Photodegradation of Dichlorprop and 2-Naphthoxyacetic Acid in Water. Combined GC-MS and GC-FTIR Study

Article abstract of DOI:10.1021/jf960699l

We have examined the photochemical transformations of dichlorprop (1) and 2-naphthoxyacetic acid (2) in aqueous solution, by means of combined GC-MS and GC-FTIR analysis.

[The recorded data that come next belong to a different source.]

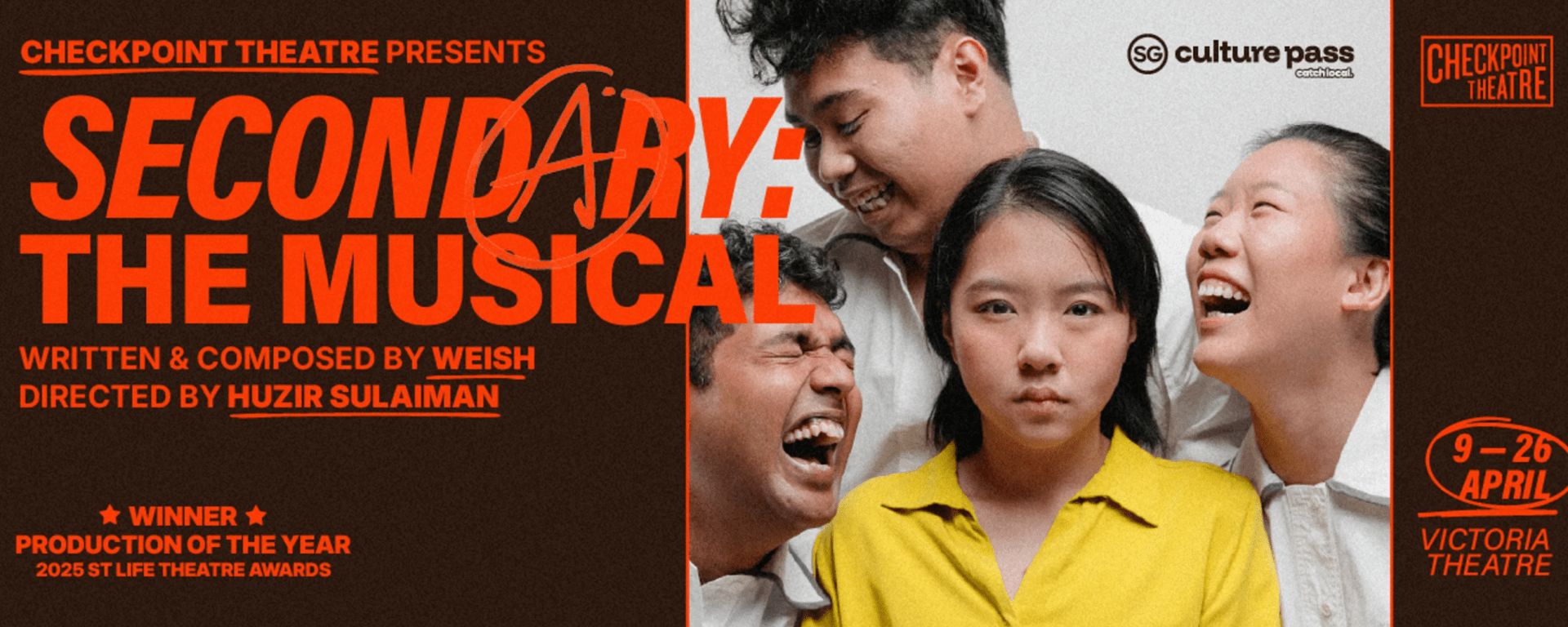Secondary: The Musical plays from 9th to 26th April 2026 at Victoria Theatre. It is sold out. More information on Checkpoint Theatre’s upcoming season here
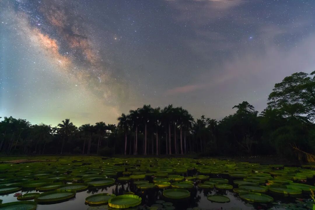五月前往西双版纳植物园拍摄萤火虫。雨季的天气变化极快,意外抓住了银河的身影,得到这张画面。下方的水池中是著名的水上观赏植物——王莲。其叶脉似伞架,具有很大的浮力,最多可承受六七十千克重的物体而不下沉。
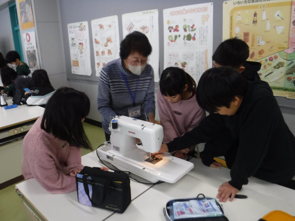 5年生の家庭科では、裁縫の学習としてミシンの使い方を学んでいます。昨日は、日頃からお世話になっているミシンボランティアの皆様にご協力をいただき、操作方法について学習しました。一人ひとりが困ったことがあると、ボランティアの皆様が優しく、そして大変丁寧に教えてくださったおかげで、子どもたちは安心して学習を進めることができました。
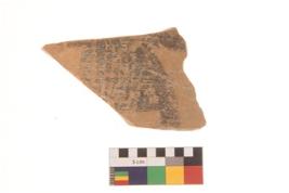 | Description / विवरण | Specimen of black on red ware with traces of decorative geometric Vertical lines painting. |
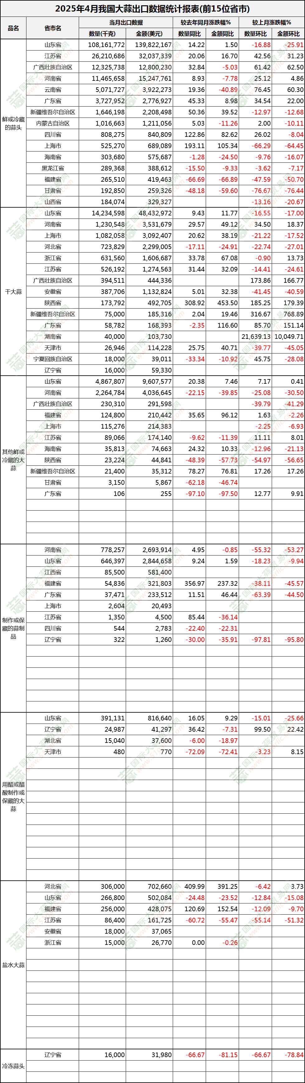 2025年4月大蒜出口數(shù)據(jù)(按省市)

Photolysis of 1 under oxygen atmosphere led to 2-chlorophenol (5), 2,4-dichlorophenol (6), 4-chlorophenol (7), 2,4-dichlorophenyl acetate (8), the lactone of 2-(4-chloro-2-hydroxyphenoxy)propionic acid (9), and 2-(2-chlorophenoxy)propionic acid (10). Irradiation under argon atmosphere led again to 5, 6, 7, and 10 together with 2,4-dichlorophenyl ethyl ether (11). Photolysis of 2 under aerobic conditions gave β-naphthol (12), together with minor amounts of 2-hydroxy-1-naphthaldehyde (13) and naphtho [2,1-b]furan-2(1H)-one (14). Under argon atmosphere only 12 and 14 were detected. Therefore, the most general processes were photolytic cleavage of the aryl-halogen bond (route i) and the aryloxy-carbon bond (route ii). Similar photodegradation pathways had been previously observed for 2,4-D and 4-CPA and were confirmed in this work. The formation of 8, 11, and 13 must occur via cleavage of the carbon-carbon bond a to the carboxy group (route iii). Formation of this type of photoproducts in phenoxyalkanoic acid pesticides is unprecedented. Its structure was further assessed by alternative synthesis.